| Data listing |
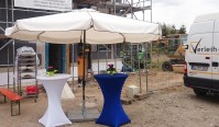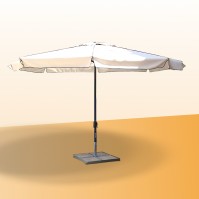 Großer sektfarbener Sonnenschirm für jede Gelegenheit. Schattenspender für Ihr Fest mit passendem Ständer mit schweren
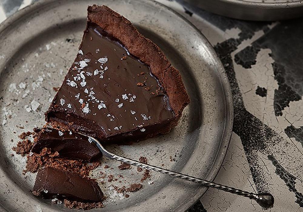 5 Adicione o creme de leite ao restante do chocolate e misture. Acrescente uma gema por vez, batendo a cada adição. Incorpore a manteiga aos ingredientes. Espalhe essa mistura sobre a base da torta e deixe gelar por pelo menos 2 horas. Polvilhe flor de sal antes de servir.
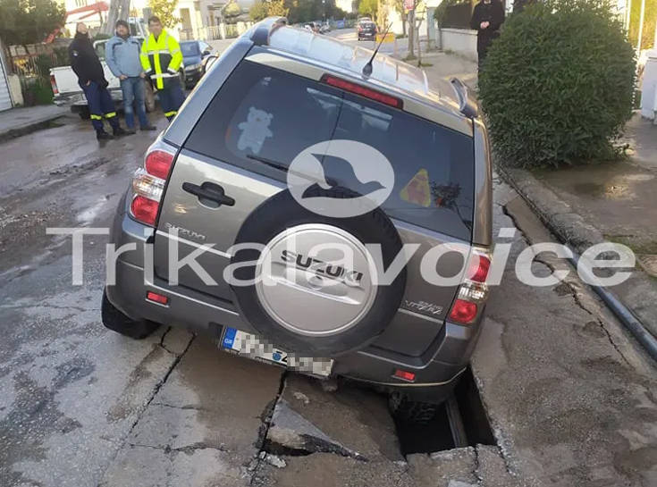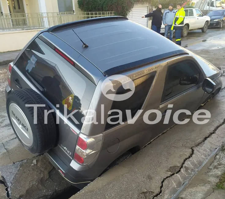 Όπως φαίνεται και στις φωτογραφίες, αλλά και στα βίντεο του trikalavoice.gr το όχημα βούλιαξε μέσα στο άνοιγμα του δρόμου, έχοντας υποστεί σημαντικές υλικές ζημιές.
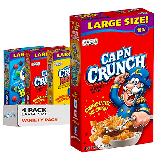 Get this Cap’n Crunch Cereal, 3 Flavor Variety Pack, Large Size Boxes, (4 Pack) for just $11.89 when you clip the 30% off e-coupon!
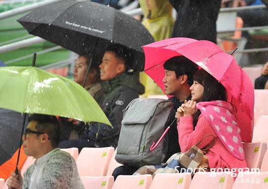 워낙 빅 매치라 많은 팬들이 몰렸는데 아쉽게 비가 괴롭혔다. 어느 정도 예상은 했으나 와도 이렇게 올 줄은 몰랐다. 먹구름 가득했던 하늘은 경기 시작과 함께 빗방울을 뿌리기 시작했고, 시간이 지나면서 앞을 가릴 정도의 엄청난 폭우로 바뀌었다.
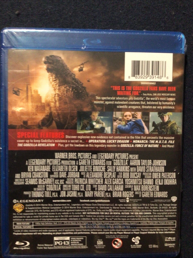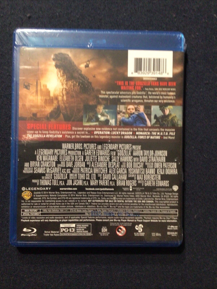 Brand NEW and SEALED with some Embark on a thrilling journey with the 2014 blockbuster "Godzilla" on Blu-ray, a cinematic experience that brings the epic battle between the iconic monster and an array of creatures to your home screen. This Standard Edition comes in a sleek Blu-ray case, ensuring your movie is stored in style. The film boasts a widescreen format, perfect for immersing yourself in the vivid visuals that bring the Sci-Fi & Fantasy genre to life. With audio options including English, Spanish, and French subtitles, this movie is accessible to a wide audience. Dive into the action with a PG-13 rating and enjoy a film that's sure to become a classic in the monsters-and-creatures sub-genre.
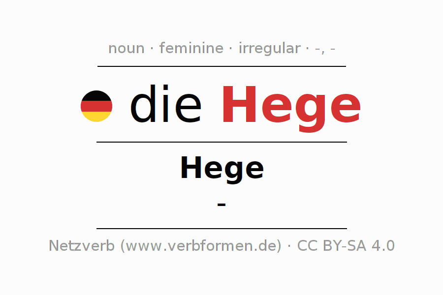 - Singular: die Hege, der Hege, der Hege, die Hege
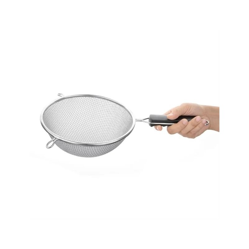 Vogue Heavy Duty Sieve 20 cm, Silver & Black, Tinned Double Mesh, Flour Sifter, Ergonomic Handle, 2x Resting Hooks, Easy Clean Design, FE742
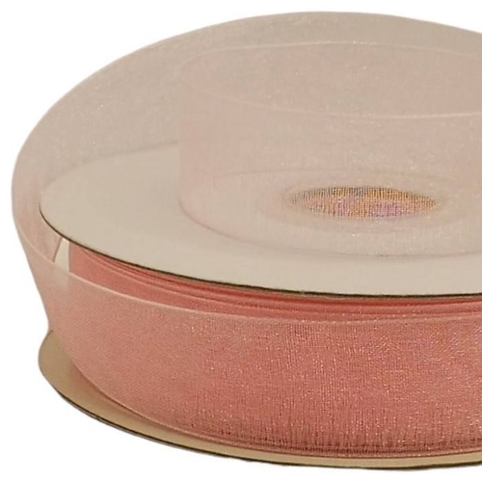 2 Rollos de Listón De Organza Liso Rosa #5 con 50 mts c/u Ancho:22 mm
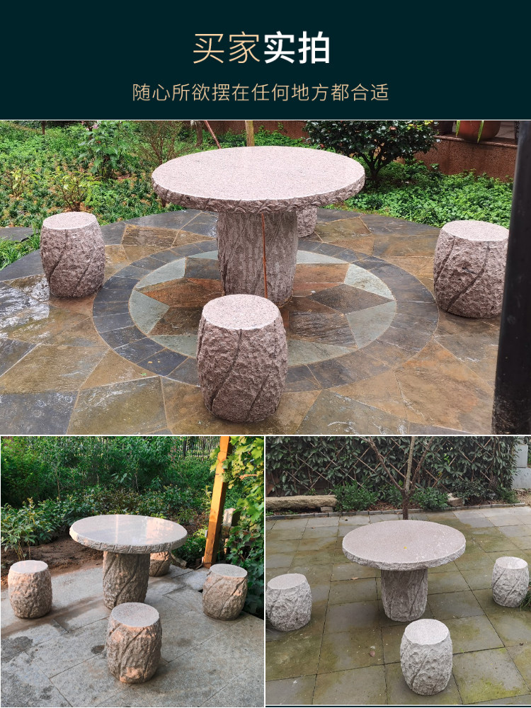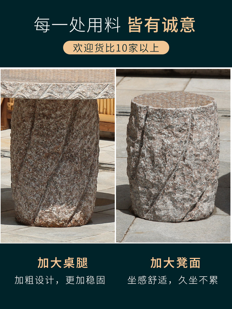 📚 石桌石凳户外庭院花园休闲一套摆件天然石头大理石花岗岩新中式
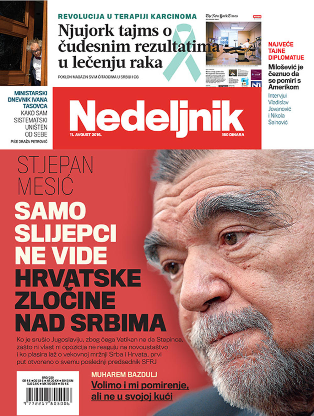 Ratne sjekire bit će zakopane onoga trenutka kada se svi, i mi u Hrvatskoj i vi u Srbiji, suočimo s istinom o prošlosti, u prvome redu svojoj, ali ne i samo svojoj. To je osnovni preduvjet da se prestanu širiti predrasude prema "onim drugima", da se prestane širiti legenda o stoljetnom neprijateljstvu, što je notorna laž, da se prekine s netolerancijom na nacionalnoj i vjerskoj osnovi. Ja sam pokušao utrti put prema takvome razvoju. Počeo jesam, ali oni iza mene nisu nastavili, konstatovao je Stjepan Mesić, bivši predsednik Hrvatske, i čovek koga i danas smatraju poslednjim političkim simbolom SFR Jugoslavije, u intervjuu za Nedeljnik u kojem je otvoreno pričao o poslednjim prepucavanjima Beograda i Zagreba, ustaštvu u Hrvatskoj, slučajevima Barešić, Stepinac i Glavaš, te o svom povratku u politiku.

| What is required |
All records above are to be output verbatim, with their pictures omitted.

| Task response |
 Großer sektfarbener Sonnenschirm für jede Gelegenheit. Schattenspender für Ihr Fest mit passendem Ständer mit schweren
 5 Adicione o creme de leite ao restante do chocolate e misture. Acrescente uma gema por vez, batendo a cada adição. Incorpore a manteiga aos ingredientes. Espalhe essa mistura sobre a base da torta e deixe gelar por pelo menos 2 horas. Polvilhe flor de sal antes de servir.
 Όπως φαίνεται και στις φωτογραφίες, αλλά και στα βίντεο του trikalavoice.gr το όχημα βούλιαξε μέσα στο άνοιγμα του δρόμου, έχοντας υποστεί σημαντικές υλικές ζημιές.
 Get this Cap’n Crunch Cereal, 3 Flavor Variety Pack, Large Size Boxes, (4 Pack) for just $11.89 when you clip the 30% off e-coupon!
 워낙 빅 매치라 많은 팬들이 몰렸는데 아쉽게 비가 괴롭혔다. 어느 정도 예상은 했으나 와도 이렇게 올 줄은 몰랐다. 먹구름 가득했던 하늘은 경기 시작과 함께 빗방울을 뿌리기 시작했고, 시간이 지나면서 앞을 가릴 정도의 엄청난 폭우로 바뀌었다.
 Brand NEW and SEALED with some Embark on a thrilling journey with the 2014 blockbuster "Godzilla" on Blu-ray, a cinematic experience that brings the epic battle between the iconic monster and an array of creatures to your home screen. This Standard Edition comes in a sleek Blu-ray case, ensuring your movie is stored in style. The film boasts a widescreen format, perfect for immersing yourself in the vivid visuals that bring the Sci-Fi & Fantasy genre to life. With audio options including English, Spanish, and French subtitles, this movie is accessible to a wide audience. Dive into the action with a PG-13 rating and enjoy a film that's sure to become a classic in the monsters-and-creatures sub-genre.
 - Singular: die Hege, der Hege, der Hege, die Hege
 Vogue Heavy Duty Sieve 20 cm, Silver & Black, Tinned Double Mesh, Flour Sifter, Ergonomic Handle, 2x Resting Hooks, Easy Clean Design, FE742
 2 Rollos de Listón De Organza Liso Rosa #5 con 50 mts c/u Ancho:22 mm
 📚 石桌石凳户外庭院花园休闲一套摆件天然石头大理石花岗岩新中式
 Ratne sjekire bit će zakopane onoga trenutka kada se svi, i mi u Hrvatskoj i vi u Srbiji, suočimo s istinom o prošlosti, u prvome redu svojoj, ali ne i samo svojoj. To je osnovni preduvjet da se prestanu širiti predrasude prema "onim drugima", da se prestane širiti legenda o stoljetnom neprijateljstvu, što je notorna laž, da se prekine s netolerancijom na nacionalnoj i vjerskoj osnovi. Ja sam pokušao utrti put prema takvome razvoju. Počeo jesam, ali oni iza mene nisu nastavili, konstatovao je Stjepan Mesić, bivši predsednik Hrvatske, i čovek koga i danas smatraju poslednjim političkim simbolom SFR Jugoslavije, u intervjuu za Nedeljnik u kojem je otvoreno pričao o poslednjim prepucavanjima Beograda i Zagreba, ustaštvu u Hrvatskoj, slučajevima Barešić, Stepinac i Glavaš, te o svom povratku u politiku.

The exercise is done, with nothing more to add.